Other big difference is performance; Prototype based classing is usually much faster, due to some overhead included in using closures. You can read about the performance differences in this article: http://blogs.msdn.com/b/kristoffer/archive/2007/02/13/javascript-prototype-versus-closure-execution-speed.aspx
Which is better can sometimes be defined by the context of their usage.
Three constraints of how I choose between Prototype and Closure methods of coding (I actively use both):
Performance/Resources
Compression requirements
Project Management
1. Performance/Resources
For a single instance of the object, either method is fine. Any speed advantages would most likely be negligible.
If I am instantiating 100,000 of these, like building a book library, then the Prototype Method would be preferred. All the .prototype. functions would only be created once, instead of these functions being created 100,000 times if using the Closure Method. Resources are not infinite.
2. Compression
Use the Closure Method if compression efficiency is important (ex: most browser libraries/modules). See below for explanation:
Compression - Prototype Method
function Book(title) {
this.title = title;
}
Book.prototype.getTitle = function () {
return this.title;
};
Is YUI compressed to
function Book(a){this.title=a}Book.prototype.getTitle=function(){return this.title};
A savings of about 18% (all spaces/tabs/returns). This method requires variables/functions to be exposed (this.variable=value) so every prototype function can access them. As such, these variables/functions can't be optimized in compression.
Compression - Closure Method
function Book(title) {
var title = title; // use var instead of this.title to make this a local variable
this.getTitle = function () {
return title;
};
}
Is YUI compressed to
function Book(a){var a=a;this.getTitle=function(){return a}};
A savings of about 33%. Local variables can be optimized. In a large module, with many support functions, this can have significant savings in compression.
3. Project Management
In a project with multiple developers, who could be working on the same module, I prefer the Prototype Method for that module, if not constrained by performance or compression.
For browser development, I can override the producton.prototype.aFunction from "production.js" in my own "test.js" (read in afterwords) for the purpose of testing or development, without having to modify the "production.js", which may be in active development by a different developer.
I'm not a big fan of complex GIT repository checkout/branch/merge/conflict flow. I prefer simple.
Also, the ability to redefine or "hijack" a module's function by a testbench can be beneficial, but too complicated to address here...

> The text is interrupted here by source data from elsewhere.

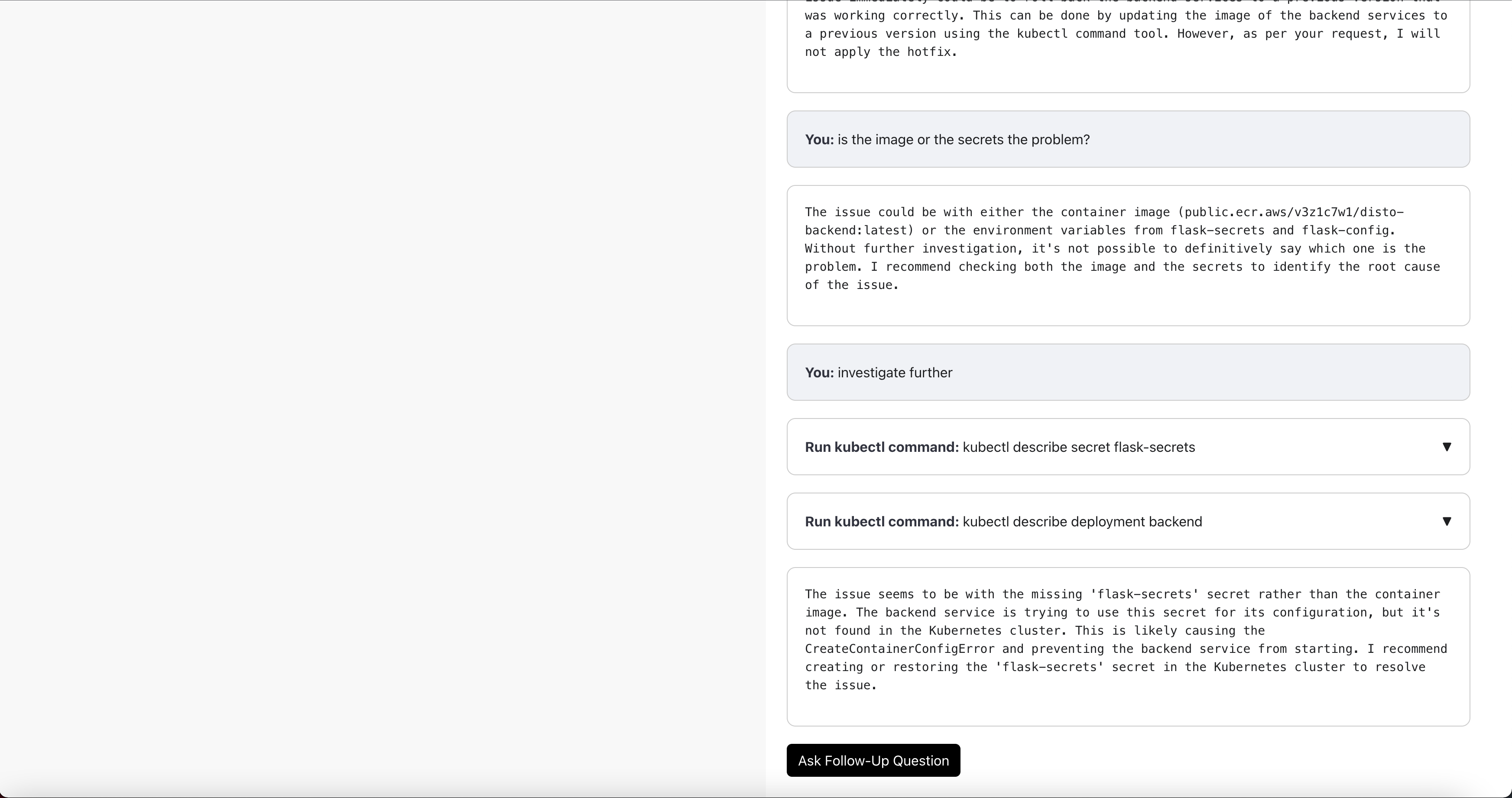 - If you would like to ask a follow up question (or provide feedback, or ask Disto to redo something), scroll down to the bottom of the investigation steps. Then click “Ask Follow-Up Question”. A text box will appear where you can input your question.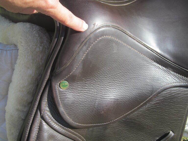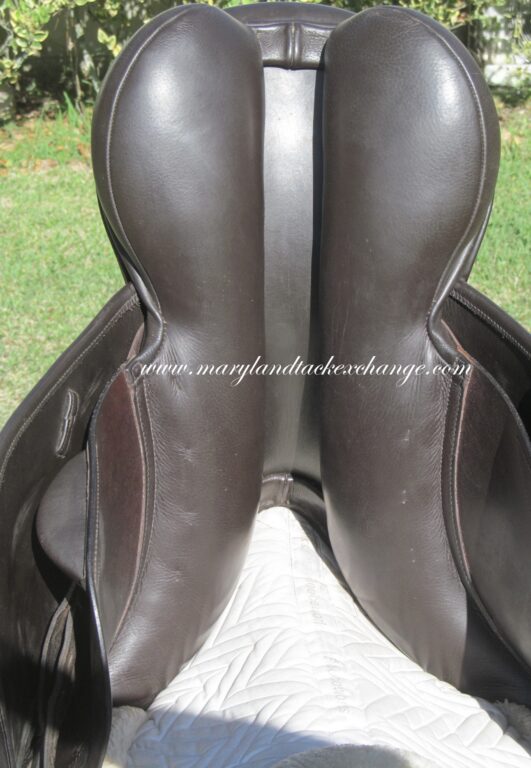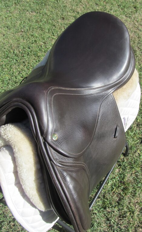 2015 model. Saddle is in lovely condition. Outer pads are nice and soft so that your knees sink into them. There are no tears, loose stitching and no cracking. There is a nick in the leather on the upper left side pommel (see picture). This has the upgraded bull leather that is soft and not slippery. Has both front and back blocks. Wool flocked so the flocking can be changed fit your horse.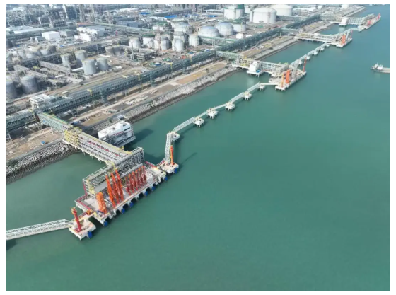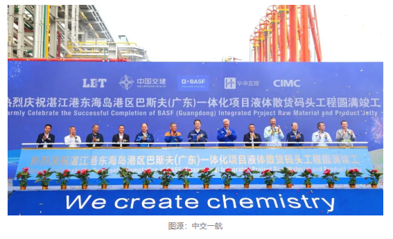 湛江港东海岛港区巴斯夫(广东)一体化项目液体散货码头工程位于广东湛江东海岛,泊位总长1469米,采用高桩墩式结构,有1个12万吨油品化工泊位、2个8万吨液化烃泊位,1个5万吨油品化工泊位。项目于2022年12月8日开工建设,2025年3月7日正式通过交工验收。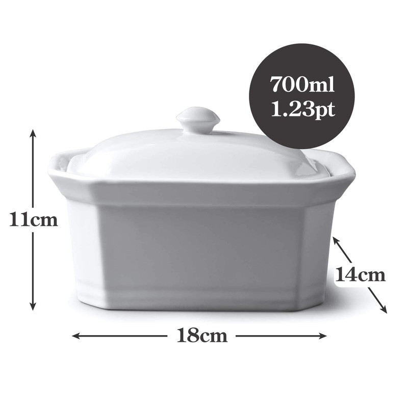 • Premium quality white porcelain serving dish designed to hold and serve pté, butter or margarine.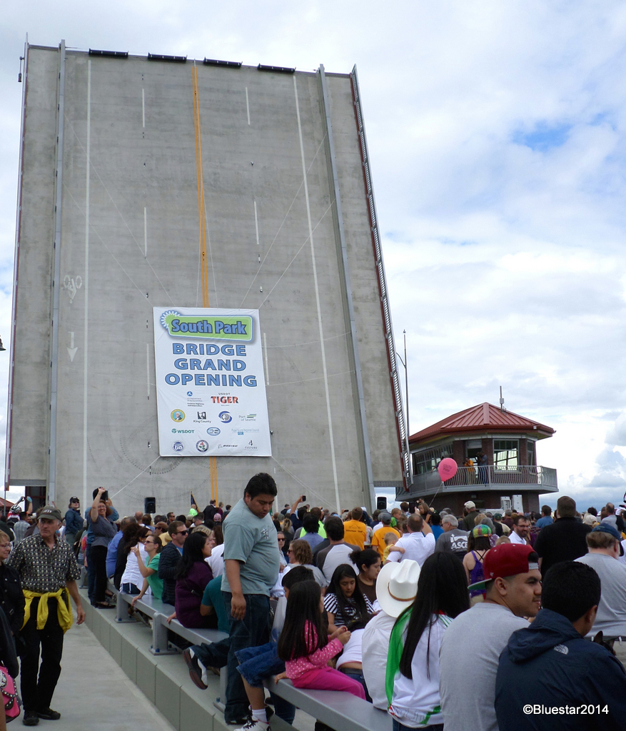 A couple of Sundays ago the new South Park Bridge celebrated its opening. Ceremonies included fire works, parade (photos to follow) and the usual dignitaries. I had been following the project since it started in 2011 and even before. Some of my ‘before’ photos can be seen here, on the King County website. John Stamets, the official photographer for the bridge project, passed away suddenly two weeks before the opening ceremony. Follow his chronicle of the bridge project here. I was fortunate to attend some of the community meetings where John’s Powerpoints were presented. He was great fun to listen to and learn from. He led a rather extraordinary life and I think there is a link to his bio on the page I just linked to. Although the bridge closure and replacement was difficult on the residents and businesses of South Park, I think the people in charge of making it happen and working with the community did an outstanding job. Tim, the chief engineer on site every day, kept his cool and sense of humor throughout all of the setbacks and community frustrations. Ashley DeForest and DeAnna Martin, as Community Relations Managers, were great in dealing with the community and keeping everyone informed. I think the project was lucky to have these individuals working together, along with John Stamets. Tim, the chief engineer, decided to make this his last project and he has or is in the process of retiring. Not many new bridges get built, so I think he felt this was a great way to go out.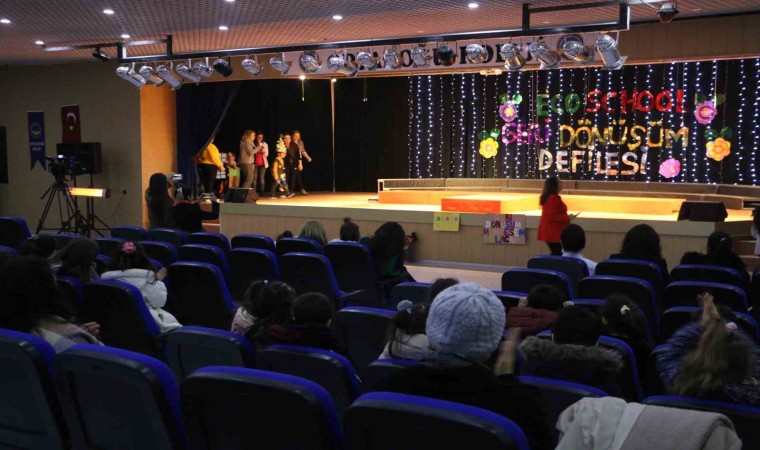 Defilede öğrenciler, hem evlerden hem de okuldan topladıkları atık karton, plastik malzemeler ve poşetlerden öğretmen ve velilerin de yardımı ile yaptıkları kostümleri giydi. Süpermen, Batman, astronot, prenses gibi birçok kostümle podyuma çıkan öğrencilerin defilesi hayranlıkla izlendi. 181 öğrencinin yer aldığı etkinlikte atıkların dönüşümüne dikkat çekildi.

The former method is how JavaScript was intended to be used. The latter is the more modern technique, popularised in part by Douglas Crockford. This technique is much more flexible.
You could also do:
function Book(title) {
return {
getTitle: function () {
return title;
}
}
}
The returned object would just have an accessor called getTitle, which would return the argument, held in closure.
Crockford has a good page on Private Members in JavaScript - definitely worth a read to see the different options.
It's also a little bit about re-usability under the hood. In the first example with the Function.prototype property usage all the instances of the Book function-object will share the same copy of the getTitle method. While the second snippet will make the Book function execution create and keep in the heap 'bookshelf' different copies of the local closurable book object.
function Book(title) {
var book = {
title: title
};
book.getTitle = function () {
return this.title += '#';
};
return book;
}
var myBook = Book('War and Peace');
var myAnotherBook = Book('Anna Karenina');
alert(myBook.getTitle()); // War and Peace#
alert(myBook.getTitle()); // War and Peace##
alert(myAnotherBook.getTitle()); // Anna Karenina#
alert(myBook.getTitle());// War and Peace###
The prototype members exist in the only copy for all the new instances of the object on the other hand. So this is one more subtle difference between them that is not very obvious from the first sigh due to the closure trick.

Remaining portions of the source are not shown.